> [Problem requirements] Please restate word for word the lines from the top of the entries through the line that contains "PPバンド プラカゴバッグ 花模様 ホワイト ブルー 雨でも平気な ppバンドの かご。", and do not include any pictures.

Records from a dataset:
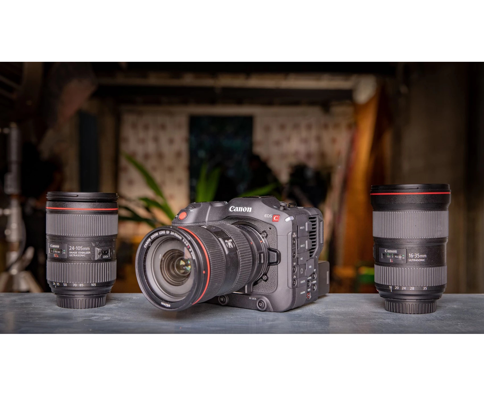 The adapter offers the same angle of view when using full-frame lenses on the EOS C70's Super 35mm sensor, adapting the focal length by a factor of 0.71x from full-frame to Super 35mm format.
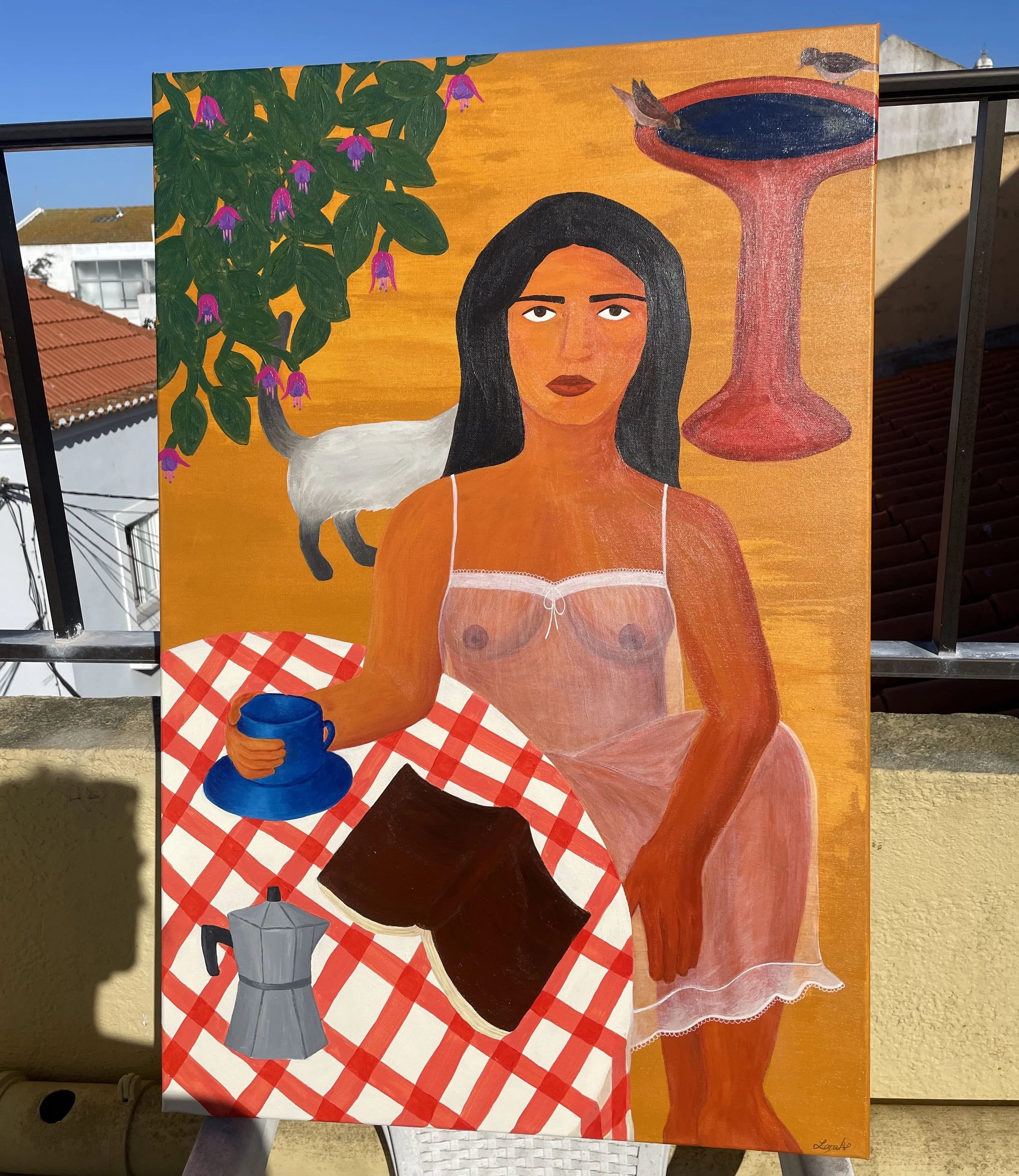 She hears a meow just as her moka pot has finished spluttering, and takes a seat outside next to her fuchsia bush where her adopted cat (adopted from where, we do not know) rolls in the dust underneath it.
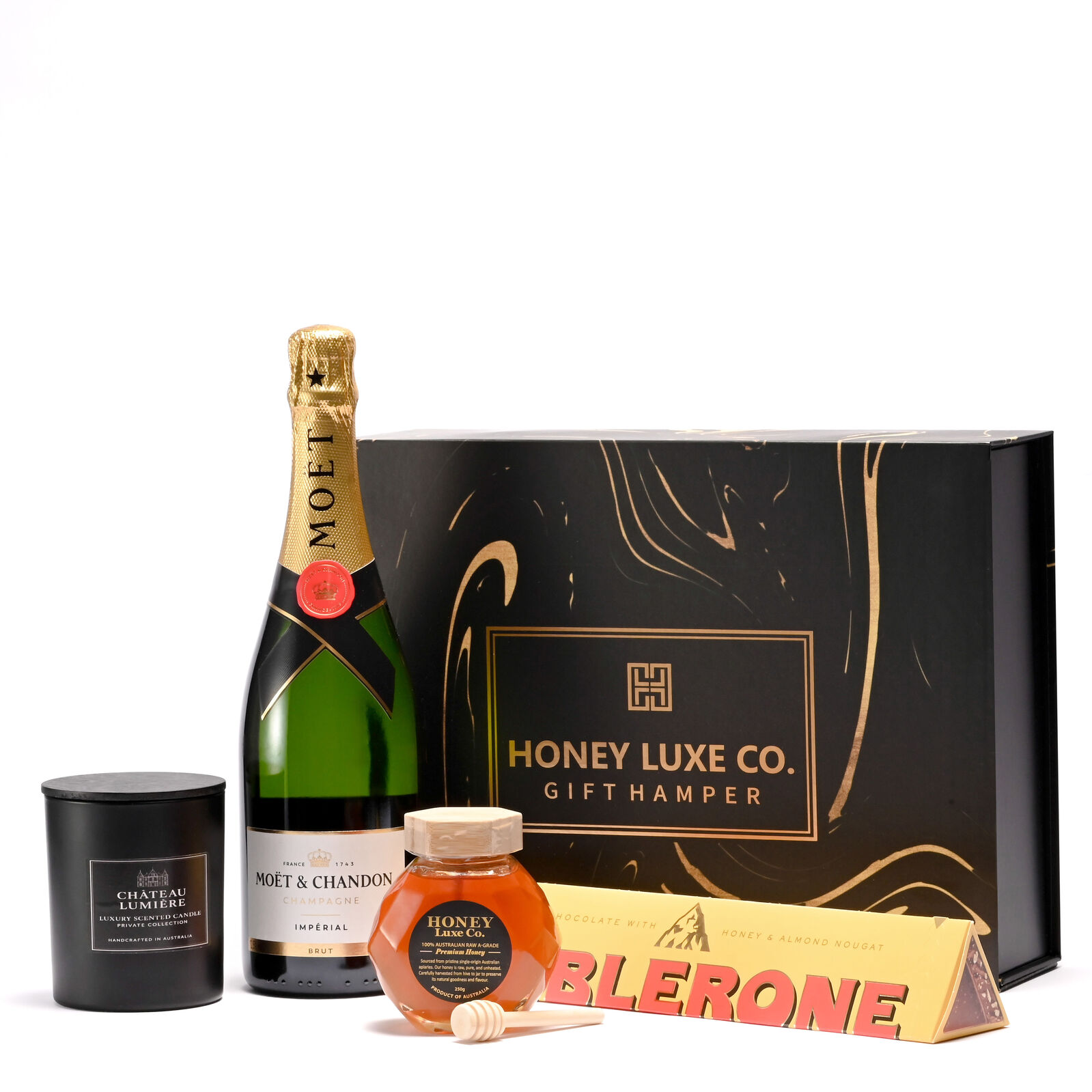 Presented in a Honey Luxe Co. Signature Gift Box with a complimentary gift card, the Moët & Chandon Harmony Hamper is the ultimate gift of balance and beauty — ideal for anniversaries, corporate clients, or life’s most meaningful celebrations.
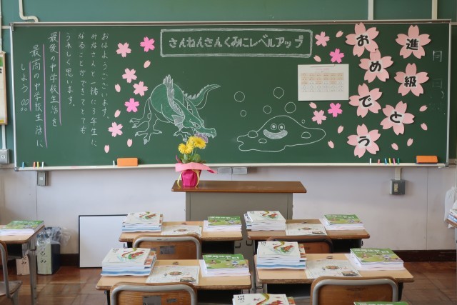 学級開きで生徒たちと最高の出会いをしようと、担任が準備した3年生の教室です。
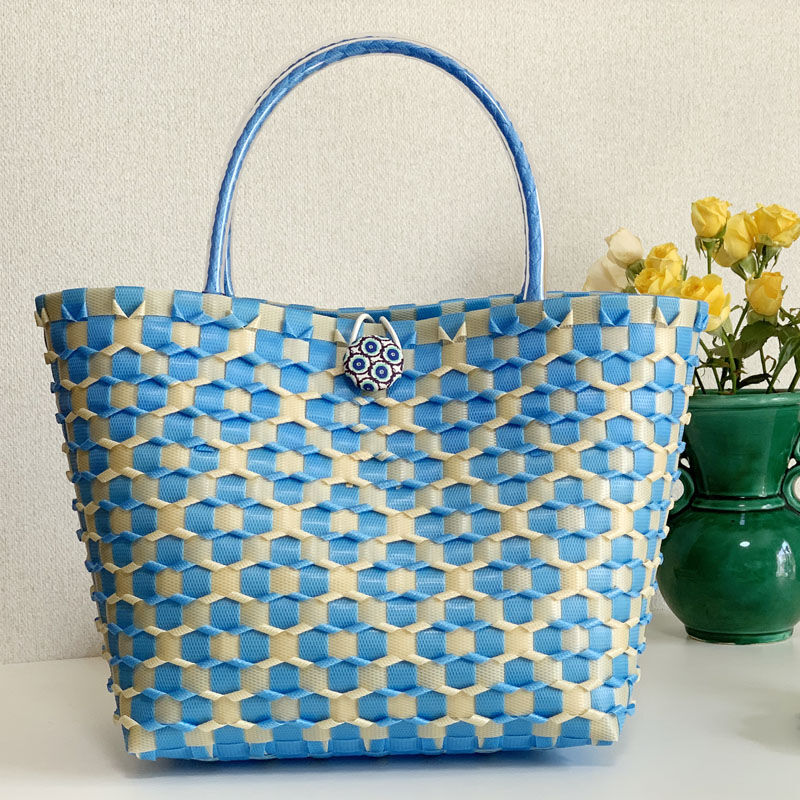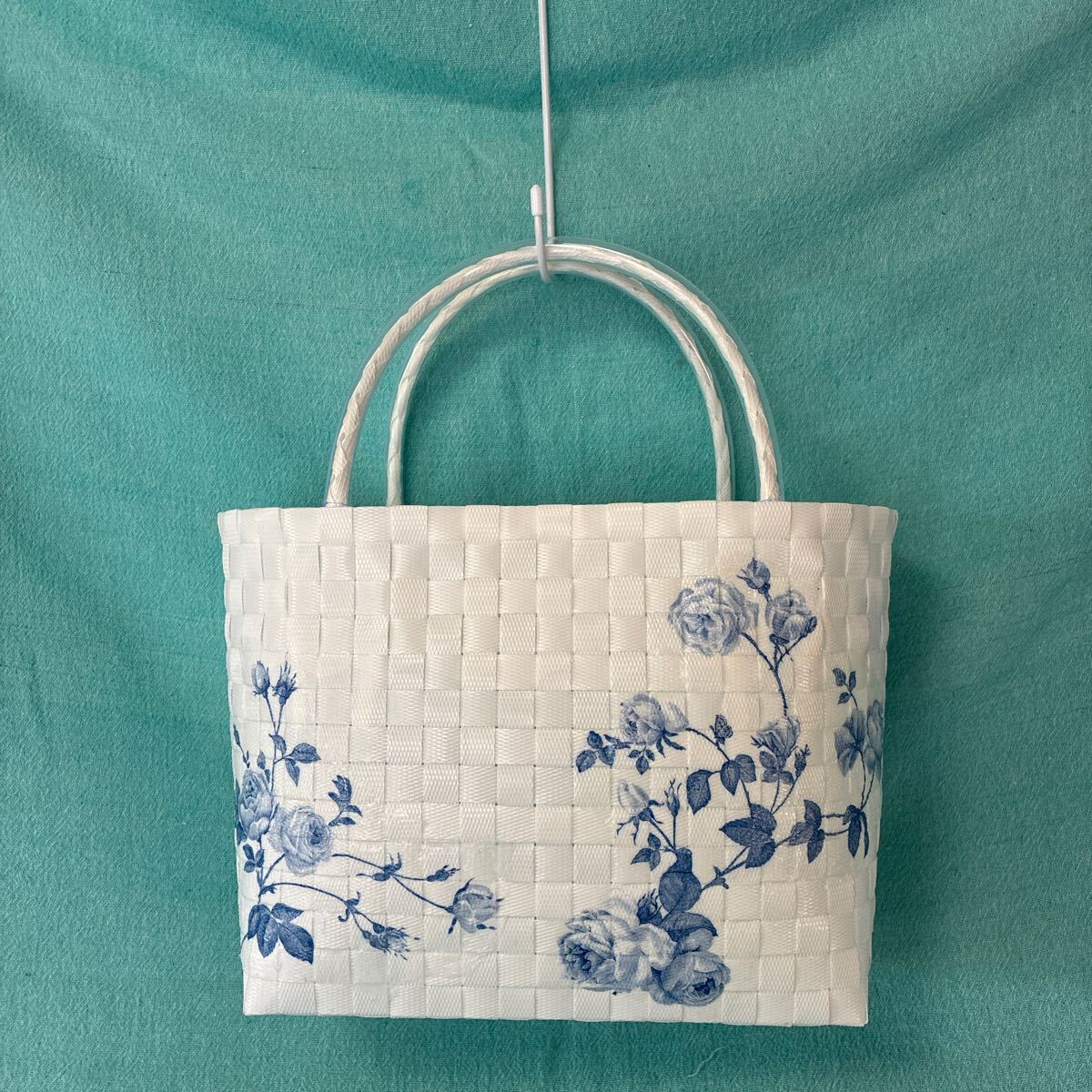 PPバンド プラカゴバッグ 花模様 ホワイト ブルー 雨でも平気な ppバンドの かご。
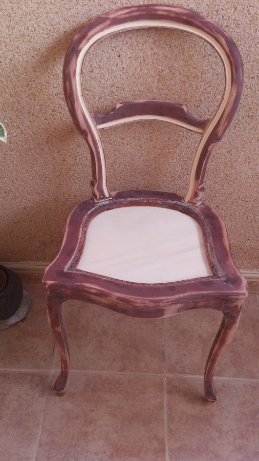 Después de una buena lijada ,pues no había manera de sacar la pintura que traía,en lugar de cinchas decidí ponerle una madera en la base. la observe y no vi indicios de carcoma, pero para asegurarme la impregne y así se quedó durante mucho tiempo....
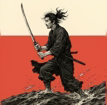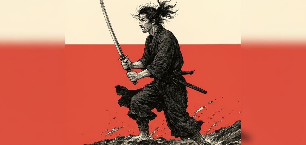 Quando jovem, Musashi era impulsivo, confiava apenas na força bruta. Vencia, mas por pouco. Foi então que ele percebeu algo crucial não só no combate, mas para a vida: A vitória não vinha apenas da espada. Vinha da clareza mental, da estratégia, do domínio sobre si mesmo.
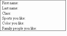 阅读下面的卡片,写出有关自己的所有信息, 也可以写出喜欢的原因。
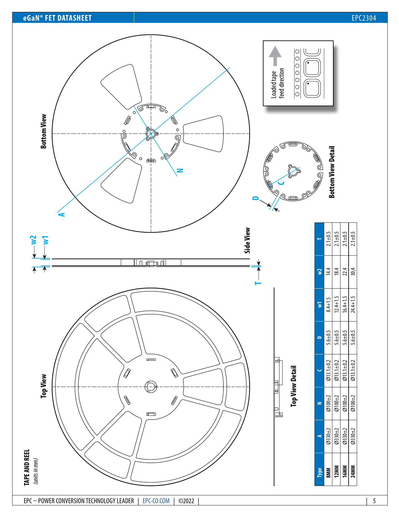 eGaN® FET DATASHEET. w ie om V Bott. Detail. w ie. om V. Bott. Side V. Top V. Type. 8MM. 12MM. 16MM. 24MM. TAPE AND REEL
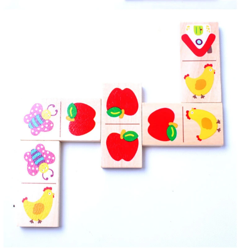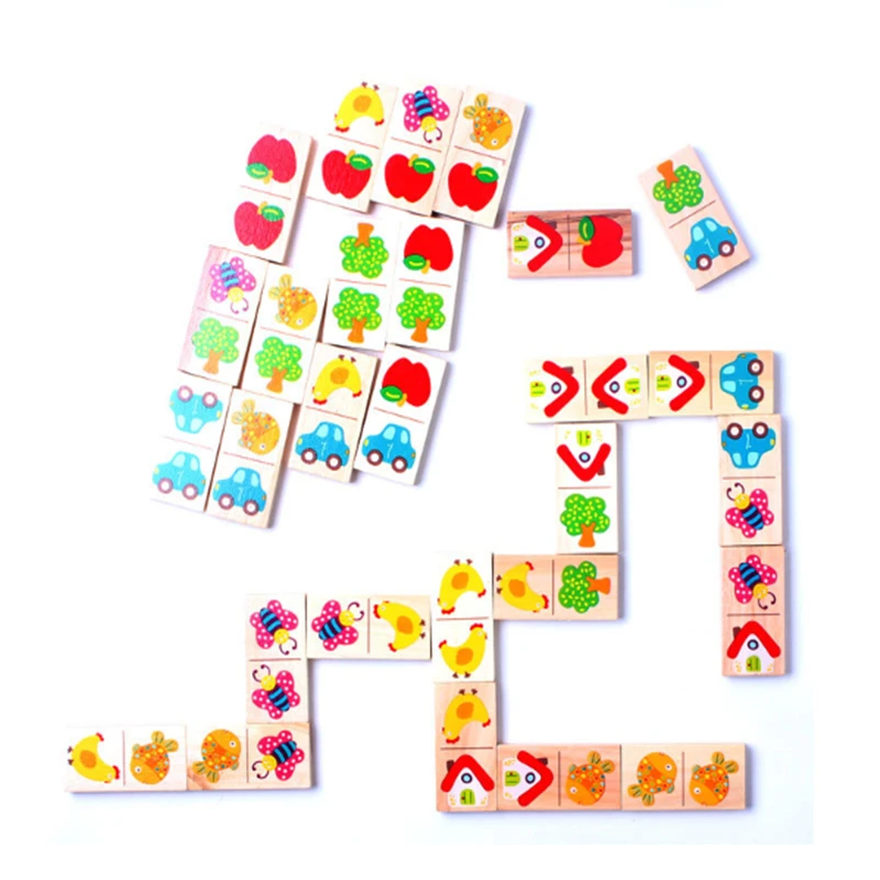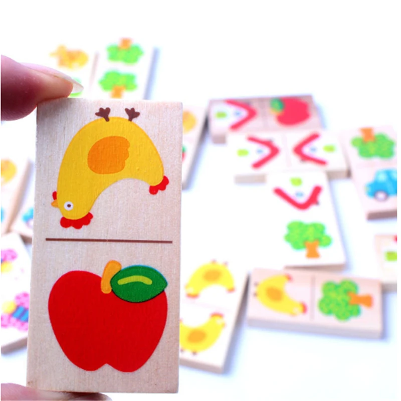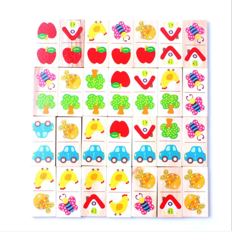 28 шт детский деревянный блок домино игрушки мультфильм сад животное автомобиль фрукты блок домино s игрушки строительные блоки Обучающие

> [Response box]
 The adapter offers the same angle of view when using full-frame lenses on the EOS C70's Super 35mm sensor, adapting the focal length by a factor of 0.71x from full-frame to Super 35mm format.
 She hears a meow just as her moka pot has finished spluttering, and takes a seat outside next to her fuchsia bush where her adopted cat (adopted from where, we do not know) rolls in the dust underneath it.
 Presented in a Honey Luxe Co. Signature Gift Box with a complimentary gift card, the Moët & Chandon Harmony Hamper is the ultimate gift of balance and beauty — ideal for anniversaries, corporate clients, or life’s most meaningful celebrations.
 学級開きで生徒たちと最高の出会いをしようと、担任が準備した3年生の教室です。
 PPバンド プラカゴバッグ 花模様 ホワイト ブルー 雨でも平気な ppバンドの かご。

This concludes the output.